**WHAT THE TASK REQUIRES:** The data below should be restated word for word, with every picture omitted.

**DATASET SECTION:**
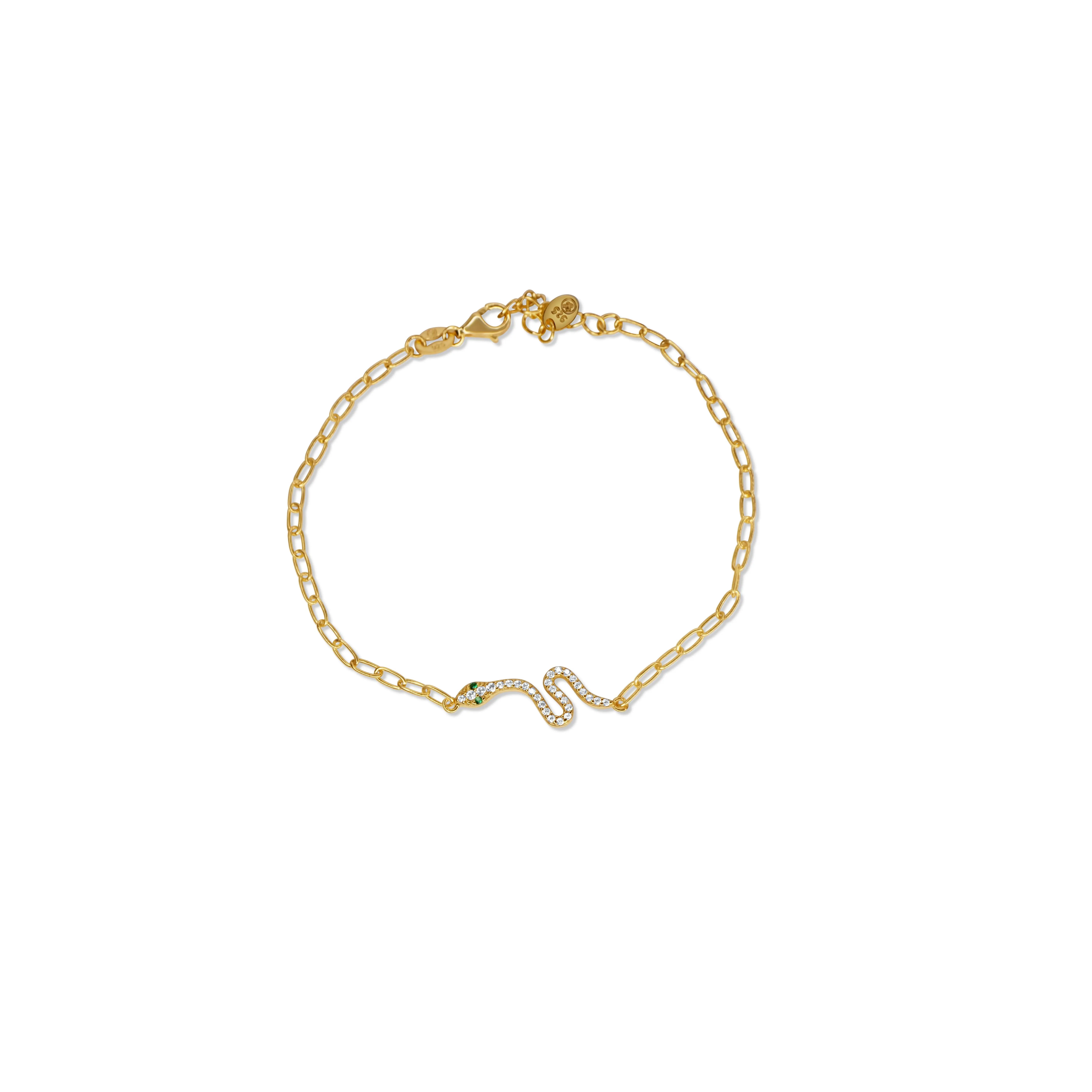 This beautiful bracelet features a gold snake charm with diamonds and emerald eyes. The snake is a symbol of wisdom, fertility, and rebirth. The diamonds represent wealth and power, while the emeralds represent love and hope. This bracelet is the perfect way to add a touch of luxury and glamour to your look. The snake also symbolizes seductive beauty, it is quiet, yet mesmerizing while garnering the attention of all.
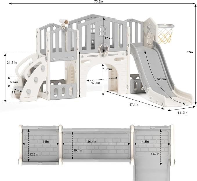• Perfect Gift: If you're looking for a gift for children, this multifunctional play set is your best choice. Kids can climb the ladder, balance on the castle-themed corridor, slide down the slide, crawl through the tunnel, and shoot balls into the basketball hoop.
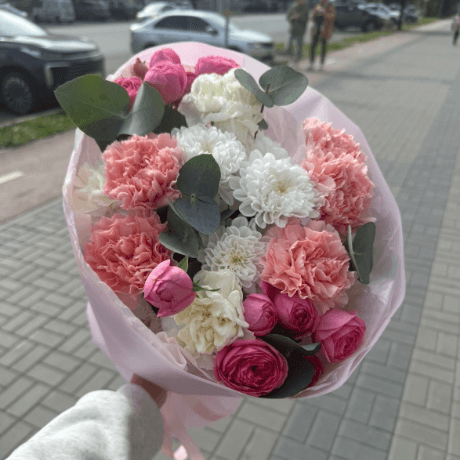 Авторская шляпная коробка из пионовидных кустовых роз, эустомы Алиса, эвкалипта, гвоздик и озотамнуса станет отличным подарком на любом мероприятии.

**RESULT:**
 This beautiful bracelet features a gold snake charm with diamonds and emerald eyes. The snake is a symbol of wisdom, fertility, and rebirth. The diamonds represent wealth and power, while the emeralds represent love and hope. This bracelet is the perfect way to add a touch of luxury and glamour to your look. The snake also symbolizes seductive beauty, it is quiet, yet mesmerizing while garnering the attention of all.
• Perfect Gift: If you're looking for a gift for children, this multifunctional play set is your best choice. Kids can climb the ladder, balance on the castle-themed corridor, slide down the slide, crawl through the tunnel, and shoot balls into the basketball hoop.
 Авторская шляпная коробка из пионовидных кустовых роз, эустомы Алиса, эвкалипта, гвоздик и озотамнуса станет отличным подарком на любом мероприятии.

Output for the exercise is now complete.